How Did Tabasco Sauce Become an American Icon?

The musical comedy known as Burlesque Opera of Tabasco was a hot ticket in 1894, selling out around the United States. And then Tabasco, one of America's oldest operas, disappeared. However, in 2012, New Orleans conductor Paul Mauffray discovered the opera’s missing libretto, along with other documents. Two years later, audiences were treated to parts of the reconstructed score. In early 2018, Mauffray unveiled the entire re-assembled opera, retitled Tabasco: A Burlesque Opera, at Le Petit Théâtre Du Vieux Carré in New Orleans.

An opera with a little kick:

  • The opera revolves around a Middle Eastern pasha who loves spicy food. His chef searches high and low for the right seasonings, which turn out to be the iconic pepper sauce still made in Louisiana.
  • The production faded away after a dispute about profits. Mauffray has been piecing together its musical history ever since finding remnants of the original libretto in a locked box.
  • “We still have the flavor of an 1890s Gilbert and Sullivan-style show,” says Mauffray.
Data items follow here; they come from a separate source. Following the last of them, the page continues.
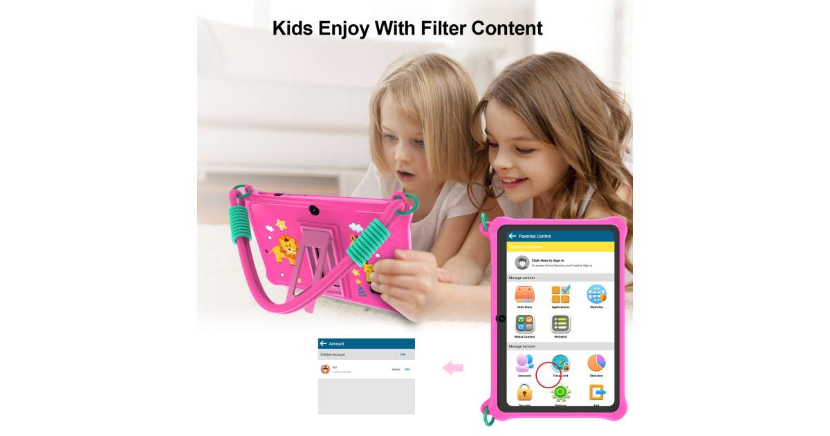Tento ružový detský tablet ILIKE je ideálnou voľbou pre malé deti, ktoré radi hrajú hry, učia sa a zabávajú sa. 7-palcový IPS displej poskytuje živé farby a krištáľovo čistý obraz, zatiaľ čo robustné ochranné puzdro chráni tablet pred menšími nehodami. Vďaka pohodlnému popruhu si deti môžu svoj obľúbený prístroj ľahko vziať so sebou.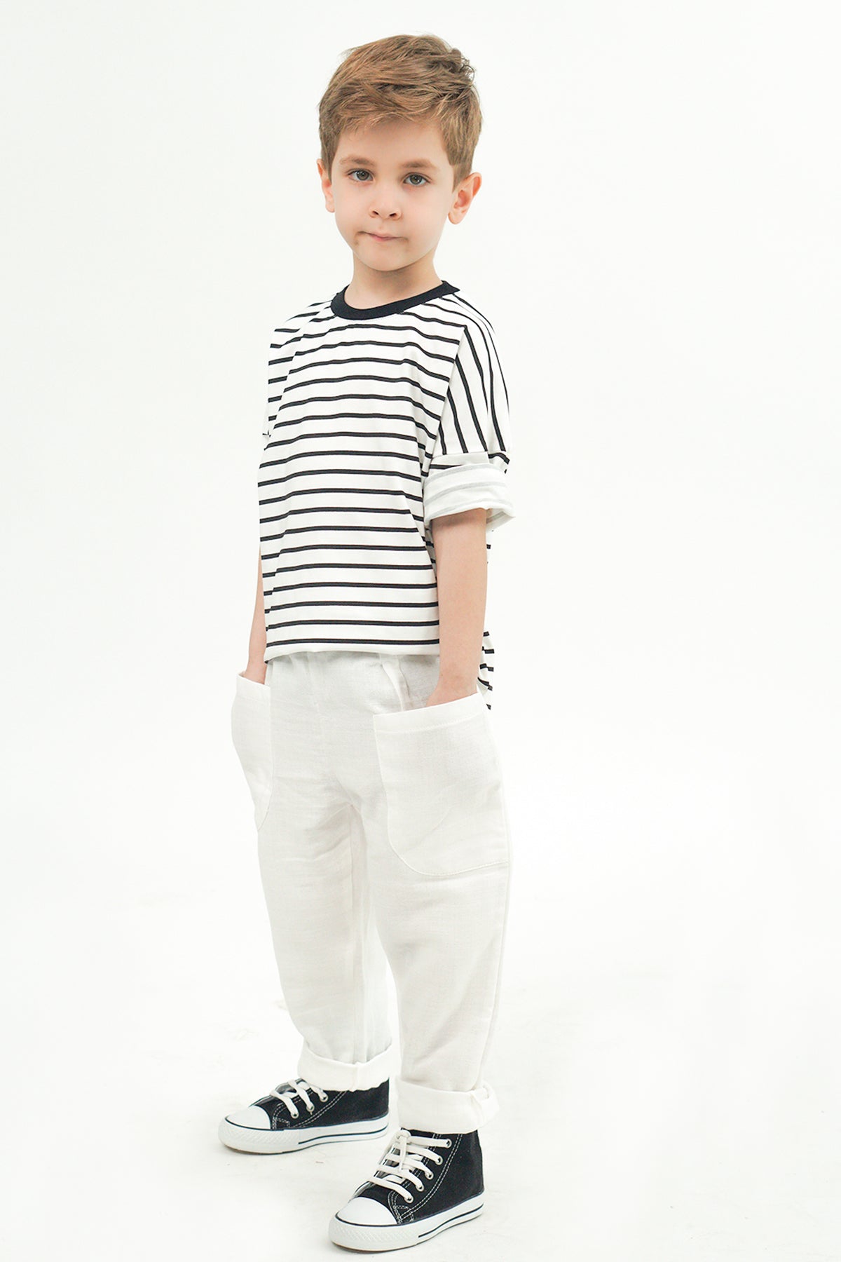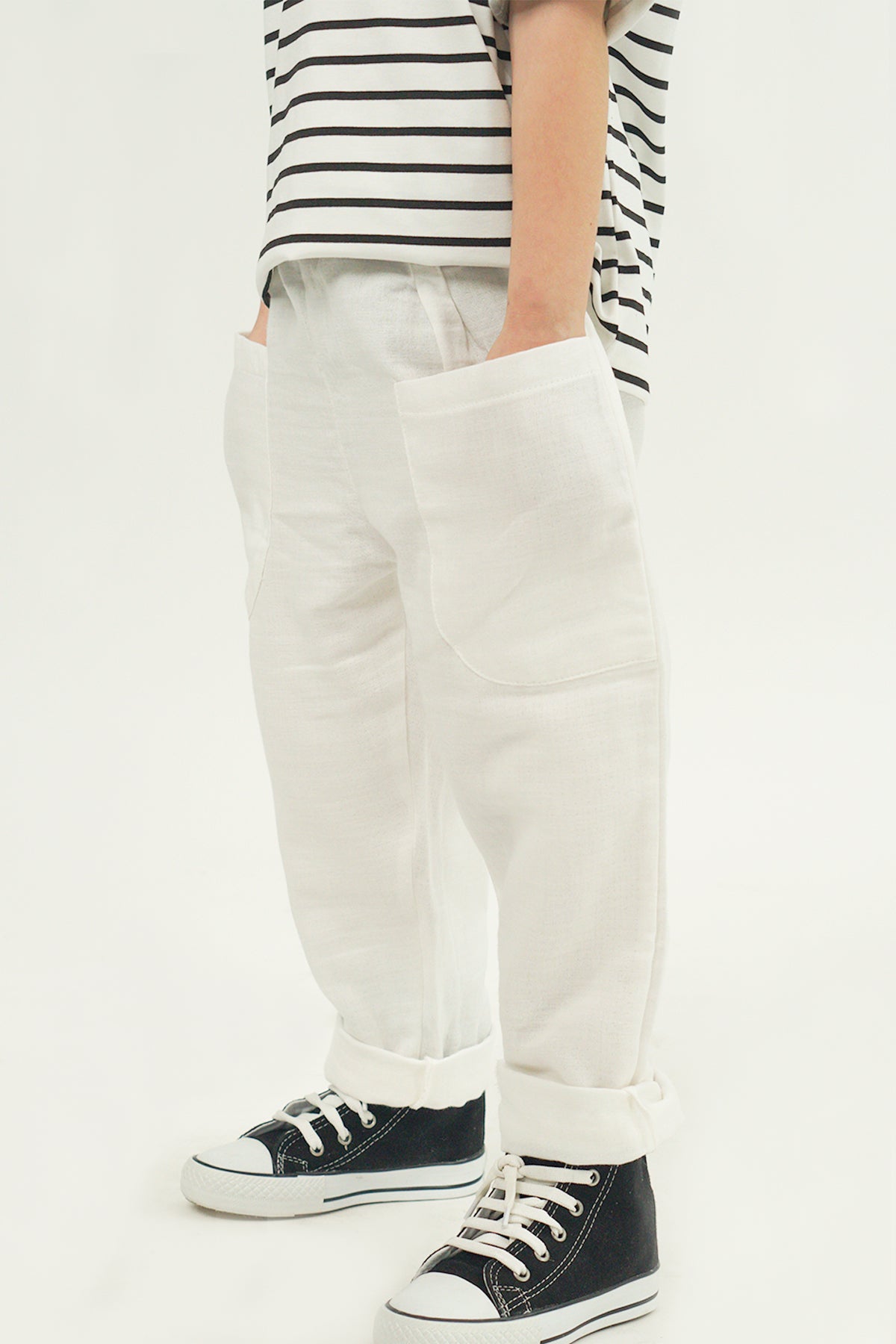 Boyfriend Beyaz (Ekru) Müslin Pantolon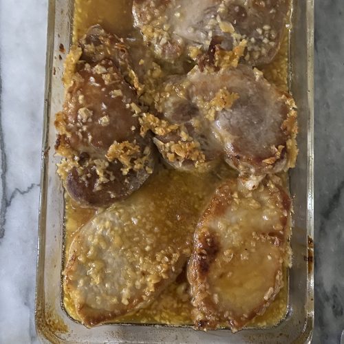 Sear seasoned chops in a hot oven-proof pan or skillet over medium-high for 2 minutes per side -- get them crisp.

And the McIlhenny Company, makers of Tabasco, is still bankrolling some of the production.
More Info: NPR

Discussion Comments

anon999640

In more modern times, Walter McIlhenny served in the US Marine Corps in World War II, returned home, became the CEO of the family business, and actively promoted that business's product -- Tabasco -- as a seasoning for bland military rations.

In the 1960s, he published a cookbook detailing how to turn those rations into something edible using the sauce (and started a program that allowed people to send a soldier in Vietnam a bottle of it for a dollar).

By the 1990s, every "Meal Ready-to-Eat" came with a tiny bottle of Tabasco. Pretty much anyone who has served in the military in the last 50-odd years was introduced to Tabasco while in ranks if they didn't know about it already.